Most of the economists are concerned that the current global crisis might turn into something grave like the great depression of 1929 or even worse. In order to avoid that, the central banks round the world are taking steps to create more liquidity in their respective economies without realizing that this may aggravate the problem. Before making a new economic policy, it is important to see the past implications of that policy.

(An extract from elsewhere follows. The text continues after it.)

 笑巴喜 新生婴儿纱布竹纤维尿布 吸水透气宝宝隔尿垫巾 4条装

It was an artificial economic boom that was responsible for the great depression of 1929. For the entire decade before that, most of the companies throughout the world saw unprecedented rise in their profits. The economic growth came to a halt after the giant companies started facing losses due to lack of demand. It was the biggest recession in the history which lasted for a decade ruining world’s biggest economies of US and Europe. It all started when the US economy was becoming increasingly unstable due to widening disparity of income between the rich and the poor class which resulted in an oversupply of goods as people did not have income to buy those goods. Easy availability of credit and more investment were thought of to be the immediate solutions by the fed (the central bank of United States). Cash reserve ratio, statutory liquidity ratio and repo rates were all brought down in order to induce liquidity in the economy. This way artificial demand was created. However, most of the people were unable to repay the debts. The demand for the goods declined as most of the income of the people went to repay debts. Consequently, the investors’ confidence declined which reduced the production of luxury goods as well. The effect poured on to other nations as well. The world economy was trapped in an unusual vicious circle.

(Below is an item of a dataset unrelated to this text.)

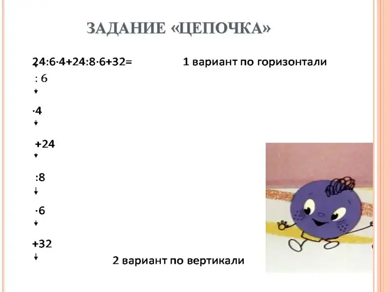 Задание записано на доске и у каждого из вас на парте лежат карточки, с таким же заданием. На карточке так же записан номер вашего варианта. Два человека работают у доски. Вам нужно будет решать выражения, записывая только ответы. Посмотрим, кто первый доберется до вершины. А остальные ребята работают в тетрадях, записывая только ответы в строчку через клеточку.

Something like this happened again in the 1990s when most of the banks got into home loans and mortgages. As the real estate prices were rising, this became an easy way for lenders to create money. The optimism led the banks to take up risky loans as well. The banks and investment companies got into the business of trading risk. Yet again, the same crisis of confidence approached when people found it increasingly difficult to repay the long-term debts. Some of the world’s largest banks like Lehman Brothers found themselves bankrupt. It did not take long to percolate the effect onto other companies as well. The giant companies like Sony, Motorola, DLF, AIG, Indian Inc, TCS, General Motors, etc have suffered heavy losses; millions have lost their jobs and the solutions to bring the declining growth rates back on the track are no where in the sight.

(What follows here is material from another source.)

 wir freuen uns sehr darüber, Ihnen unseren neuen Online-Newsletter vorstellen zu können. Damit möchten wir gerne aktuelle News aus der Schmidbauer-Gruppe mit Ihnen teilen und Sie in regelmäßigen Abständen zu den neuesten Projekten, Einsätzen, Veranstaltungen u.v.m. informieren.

No one can deny that it is the lack of efficient financial regulations that is responsible for the present crisis. But criticizing past is not suffice to solve present problems. There is an urgent need of deploying efficient monetary and fiscal policies. Though, to increase the net investment, it is important that interest rates are kept at low levels but a major fiscal stimulus is needed for the world economy to flourish again. The Keynesian theory of government intervention was adopted to take the world economy out of the great depression. Government expenditure was increased substantially in order to induce spending in the economy. Multipliers worked well and the income and outputs rose by 1933. One major factor which helped the US key industries flourish again was rise in demand due to the onset of World War II. No one surely wants world war III to end recession! However, fiscal stimulus is the need of the hour. That is, the level of government expenditure should be raised and the taxes reduced. Further, the taxes should not be raised substantially in near future so that the optimism prevails and aggregate demand does not fall back again. The international banks (like World Bank, IMF) can also deploy efficient policies to induce liquidity in the global economy.

The importance of two most significant sectors- infrastructure and agriculture- is often understated. It is the growth in these two sectors which brings about rise in demand for all other industries (by increasing wages for a large number of people) and thus, higher overall economic growth. But not much attention is paid to these key sectors while policy formation. The rise in food production in US also played a major role in taking the economy out of recession. The governments should not ignore the agricultural sector completely. It is the high time that the governments invest in infrastructure wherever necessary.

In order to avoid the situation becoming more precarious like the Great Depression, more ‘aggressive’ policies are needed immediately.